Sales for the first quarter of 2006 were 29% less than sales achieved during the first quarter of 2005 primarily due to lower sales to K&G Creations, as discussed below in “Results of Operations”. Net income was 29% less in the first quarter of 2006 versus the same period of 2005 due to the decrease in gross profit resulting from the decreased sales partially offset by an 11.7 percentage point increase in the gross profit percentage.

Results of Operations

The following table is intended to illustrate a tabular analysis of certain Consolidated Statement of Operations data as a percentage of sales for both periods presented.
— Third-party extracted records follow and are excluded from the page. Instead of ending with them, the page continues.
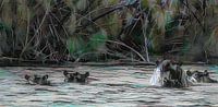Nijlpaarden uit de Okavongo river (Caprivi strook, Namibië) in een ander jasje gezet. Een combinatie van verscheidene technieken om een beetje funk in het leven van deze nijlpaarden te brengen maar ook op jouw muur.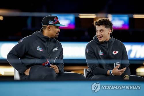 epaselect epa10451830 Philadelphia Eagles quarterback Jalen Hurts (L) speaks with Kansas City Chiefs quarterback Patrick Mahomes (R) during the National Football League's Super Bowl LVII Opening Night event at the Footprint Center in Phoenix, Arizona, USA, 06 February 2023. The AFC champion Kansas City Chiefs face the NFC champion Philadelphia Eagles in Super Bowl LVII at State Farm Stadium in Glendale, Arizona, 12 February 2023. EPA/CAROLINE BREHMAN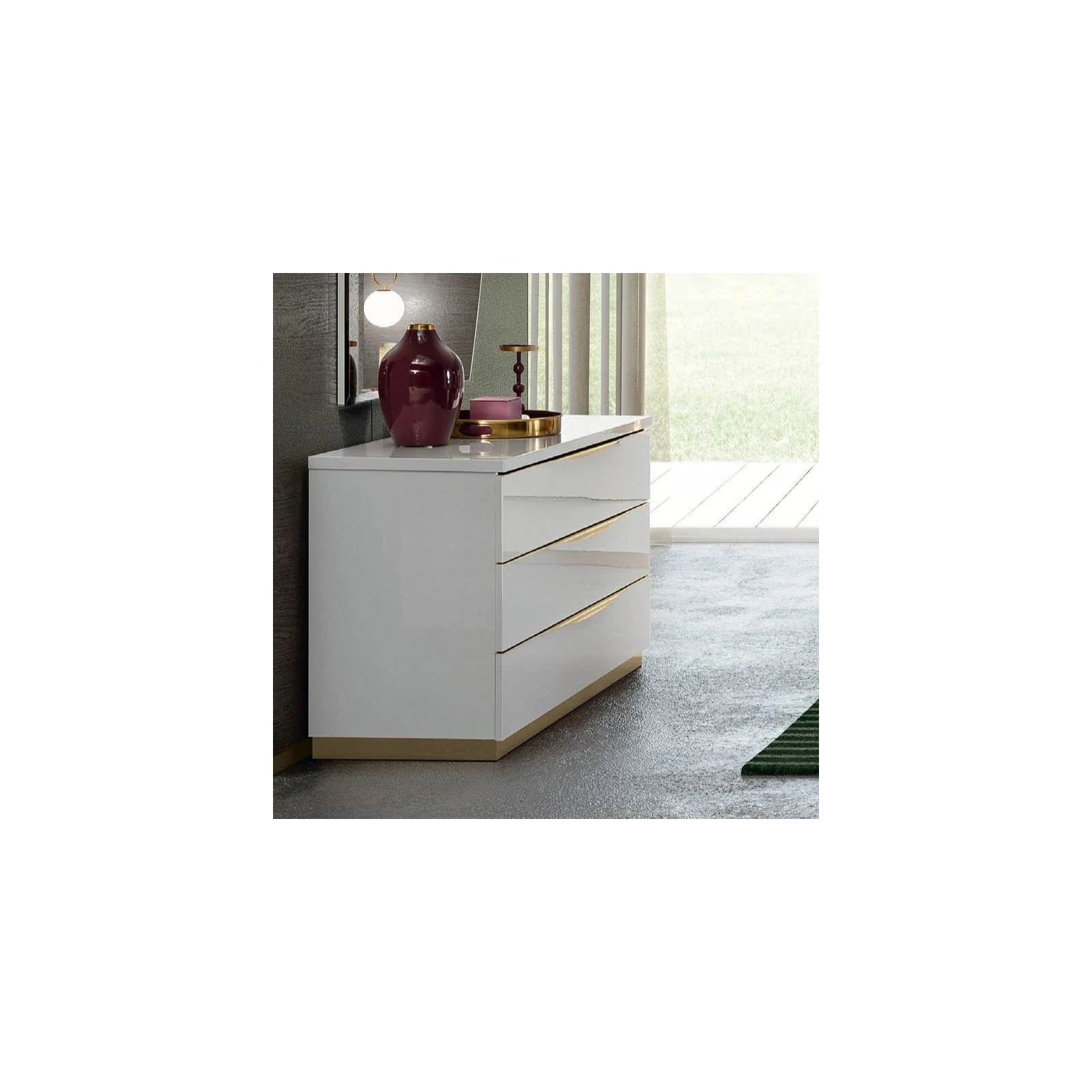 A Kharma hálószobakollekció az olasz dizájnt és a luxus minőséget ötvözi. Ragyogó fehér, fényes felülettel, hajlított alumínium fogantyúkkal és pezsgőszínű ecsetelt szegélyekkel minden eleme a modern kifinomultságot testesíti meg. Időtálló, funkcionális kialakításáról a moduláris gardróbszekrények, a sima élű, vastag fedlapok és a karcálló, lassan záródó fiókok gondoskodnak. Vigyen fényt hálószobájába a hátulról megvilágított velencei üveg fejvéggel, mely aranyporral ecsetelt üvegen keresztül szórja a fényt.

A detailed explanation of our results of operations follows this table:

 

     Three Months Ended March 31,
     2006    2005

Sales

   100 %   $ 8,016,833    100 %   $ 11,218,765

Gross profit

   74 %     5,907,090    62 %     6,952,006

Marketing and sales expenses

   31 %     2,520,791    21 %     2,328,500

General and administrative expenses

   13 %     1,030,685    10 %     1,173,425

Operating income

   29 %     2,335,018    30 %     3,384,416

Net income

   19 %     1,524,247    18 %     2,011,948

Three Months ended March 31, 2006 compared with Three Months ended March 31, 2005

Net sales were $8,016,833 for the three months ended March 31, 2006 compared to $11,218,765 for the three months ended March 31, 2005, a decrease of $3,201,932 or 29%. Shipments of moissanite jewels, excluding consigned jewels, decreased 28% to approximately 47,000 carats from 65,000 carats. The average selling price per carat decreased by 4% due to a product mix in which a greater percentage of smaller size jewels, which have a lower price per carat, were sold. U.S. sales accounted for approximately 88% and 94% of sales during the three months ended March 31, 2006 and 2005, respectively.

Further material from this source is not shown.